Cryo-electron microscopy (cryo-EM) is a powerful technique in structural biology for determining three-dimensional (3D) structures of large biological macromolecules. Its powerful advantage of solving large macromolecular assemblies complements conventional structural biology techniques, such as X-ray crystallography and Nuclear Magnetic Resonance (NMR), bridging atomic-detailed structures of molecules with higher-level structure information of molecular machinery in a cell. Biomolecular structures have been determined by cryo-EM at an increasing pace, with over 8,000 entries now accumulated in a public database, EMDB.
Structure information (density maps) of biomolecules determined by cryo-EM often have a low resolution, which is not sufficient for researchers to identify atomic-detailed structures of molecules in the maps. Roughly speaking, if the resolution of a map is 3 Angstroms or better, atomic-detailed structures can usually be built by using conventional structure modeling tools in structural biology. When maps are at 3-5 Angstroms, tracing the main-chain of proteins becomes more difficult and would need specific software, such as MAINMAST developed in our group. In the next range of resolution, 5-10 Angstroms, which we call the intermediate resolution, one can only occasionally detect regularly patterned structures in proteins, such as alpha helices and beta sheets.

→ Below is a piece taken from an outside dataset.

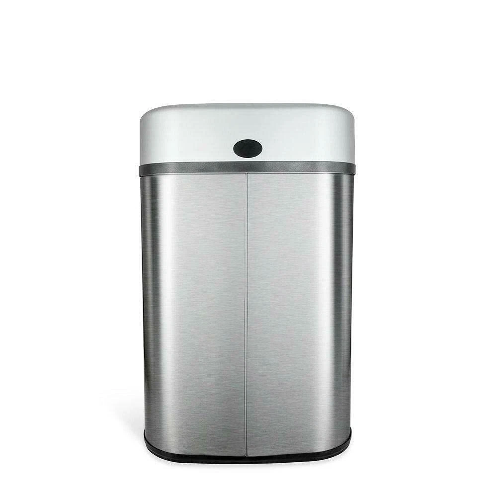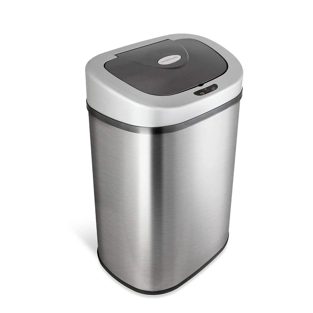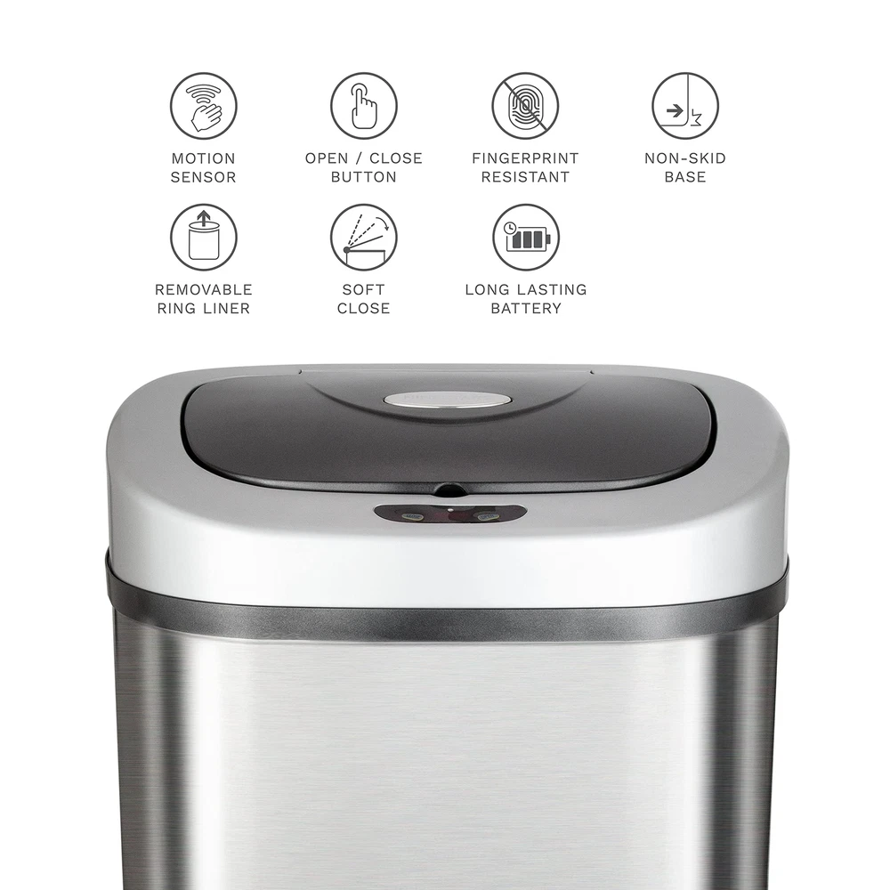 Automatic open and close garbage bin 430-grade stainless steel trash can Fingerprint resistant brushed stainless steel exterior for superior durability, performance and enduring style Included ring liner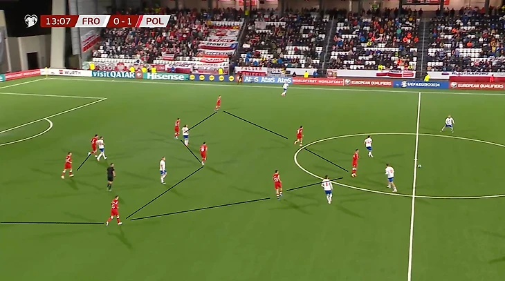 В игре с Фарерами и Албанией поляки долго запрягали, простояв в обороне 15 минут, но потом, что называется, очухались. Прессинга не было до тех пор, пока соперник не пересечет центр поля. Но и тогда он был весьма пассивный.

We are an interdisciplinary research group affiliated both in biology and computer science (CS) departments. As our lab physically locates in the structural biology building, we have observed numerous successful structural biology projects with cryo-EM in the past few years. On the other hand, our lab has many CS students who are eager to apply recent machine learning methods, particularly deep learning, to important problems. Therefore, it was natural for us to come up to the idea to apply deep learning to better detect local structures in intermediate resolution EM maps.
We started to apply 3D convolutional neural networks (CNNs) to intermediate resolution EM maps about two years ago. CNNs would be a reasonable choice because it has been very successful in image recognition tasks. CNNs worked very well from the beginning for computationally simulated EM maps generated from known atomic-detailed biomolecular structures because simulated maps have no noise. But structure detection in experimentally determined cryo-EM density maps was more difficult because real maps are not as “clean” as simulated maps, e.g. having uneven local resolutions and different noise levels. To have good performance on real maps, we needed to train our CNN on real maps, which also suggests a different nature between simulated maps and real maps. As shown in the paper, our method worked relatively well for real maps at close to 10 Angstrom resolution.
The architecture of our network is standard for CNNs, except that it concatenates two networks. The first network is a standard CNN, which captures density features of local structures. Now, the second network takes the raw probability values from the first network and “smoothens” predictions so that nonphysical local structure assignments, e.g. acute changes of secondary structure types, are removed. This architecture is inspired by a classical neural network-based tool for protein secondary structure prediction from a protein sequence (PSI-Pred). Thus, our method inherited knowledge from bioinformatics.
This is how our tool, Emap2Sec is built – it is an outcome from active daily discussions in our lab by lab members of different backgrounds and educations. We are thankful to all the lab members as well as our interdisciplinary arrangement by the College of Science of Purdue University.